This album is called Fearless, and I guess I'd like to clarify why we chose that as the title. To me, Fearless is not the absence of fear. It's not being completely unafraid. To me, Fearless is having fears, Fearless is having doubts. Lots of them. To me, Fearless is living in spite of those things that scare you to death. Fearless is falling madly in love again, even though you've been hurt before. Fearless is walking into your freshman year of high school at fifteen. Fearless is getting back up and fighting for what you want over and over again... even though every time you've tried before, you've lost. It's Fearless to have faith that someday things will change. Fearless is having the courage to say goodbye to someone who only hurts you, even though can't breathe without them. I think it's Fearless to fall for your best friend, even though he's in love with someone else. And when someone apologizes to you enough times for things they'll never stop doing, I think it's Fearless to stop believing them. It's Fearless to say "you're NOT sorry". I think loving someone despite what people think is Fearless. I think allowing yourself to cry on the bathroom floor is Fearless. Letting go is Fearless. Then, moving on and being alright... That's Fearless too. But no matter what love throws at you, you have to believe in it. You have to believe in love stories and prince charmings and happily ever after. That's why I write these songs. Because I think love is Fearless.[15]

As with Taylor Swift, Swift was very involved with the album packaging. The album's images were photographed by Joseph Anthony Barker, Ash Newell and Sheryl Niels while the cover and graphic designs were executed by Leen Ann Ramey for Ramey Design.[15] Fearless was released on November 11, 2008 in the United States and Canada,[49][50] and on November 15, 2008 in Australia. The album was then re-released on February 27, 2009 in Australia as a limited edition with bonus tracks originally from Taylor Swift and a new artwork. An international edition was released March 2, 2009 in Spain, and numerous countries followed in the consequent weeks.

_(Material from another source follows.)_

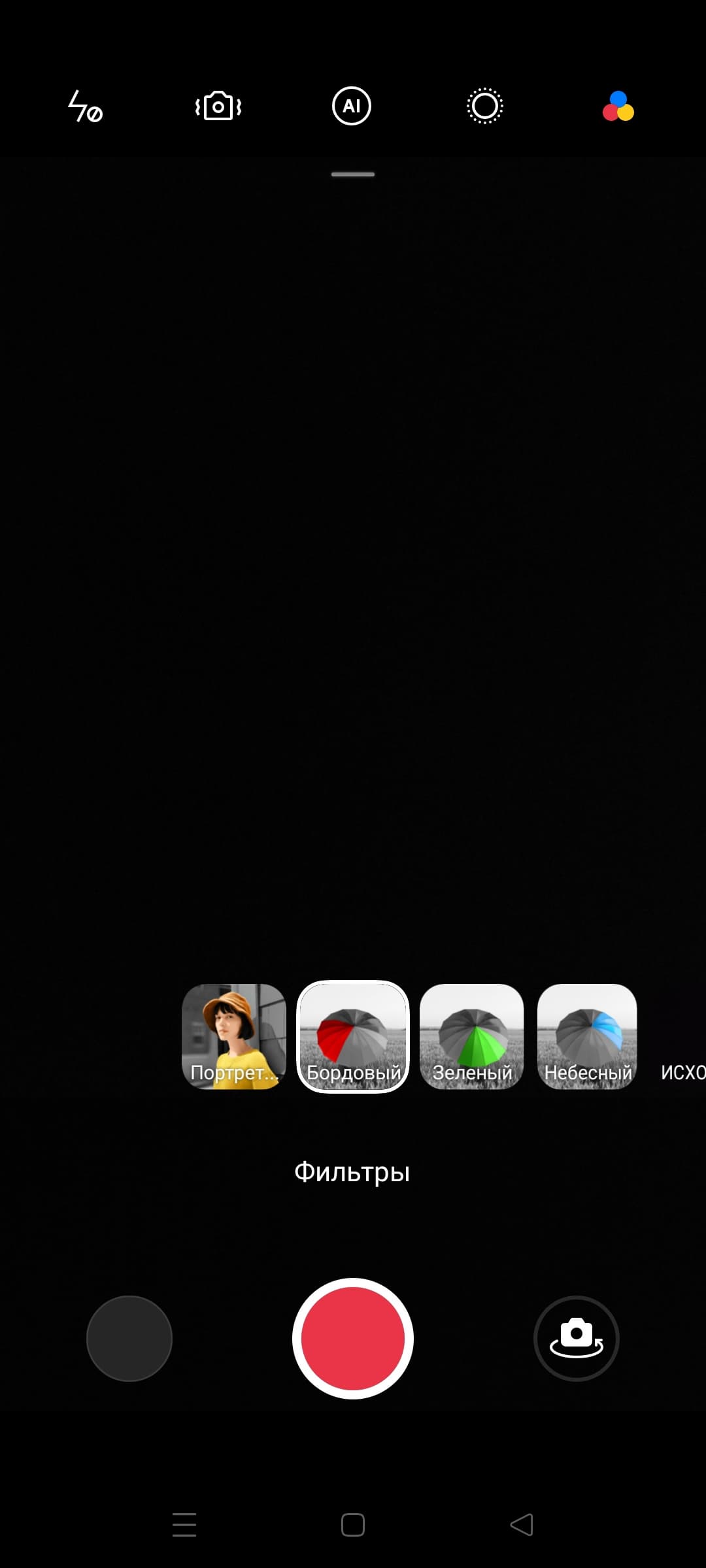Возможно, просто не хватило места, поскольку в видоискателе в режиме видеосъемки уместились переключатели вспышки, стабилизации, ИИ, размытия фона и цветовых фильтров. Последние, кстати, помимо прочего, умеют еще и выделять один цвет, оставляя остальные в ч/б. Это тоже уже не новость, все это было в прошлых моделях.

Platinum Edition re-release[edit]

Swift had already commenced to compose songs for her next album, what would become Speak Now (2010), but had also written songs she believed did not correspond with her scope of the record. She believed the songs that had accumulated should have been integrated in Fearless. Out of her desire to release them, Swift pondered the idea of re-releasing Fearless with the songs.[51] Coupled the fact that numerous fans were longing for new material while others were recently discovering her music, she decided to execute the plans.[9] Scott Borchetta, chief executive officer (CEO) of Big Machine Records stated, "Taylor’s fans have an incredible appetite for her new music and her ongoing life experiences. The two million-plus fans who bought Fearless within weeks of release last year are screaming for new Taylor music and Taylor has delivered."[52] Some tracks were written much prior recording, while others were done subsequently. "Jump Then Fall" was self-penned by Swift using a banjo and a "feel-good vibe", which, along with its bouncy character, caused for it to be Swift's favorite song on the re-release.[53] Swift also reworked the tempo and replaced the guitar-driven instrumentation to piano of "Forever & Always" for the new version of Fearless.[52]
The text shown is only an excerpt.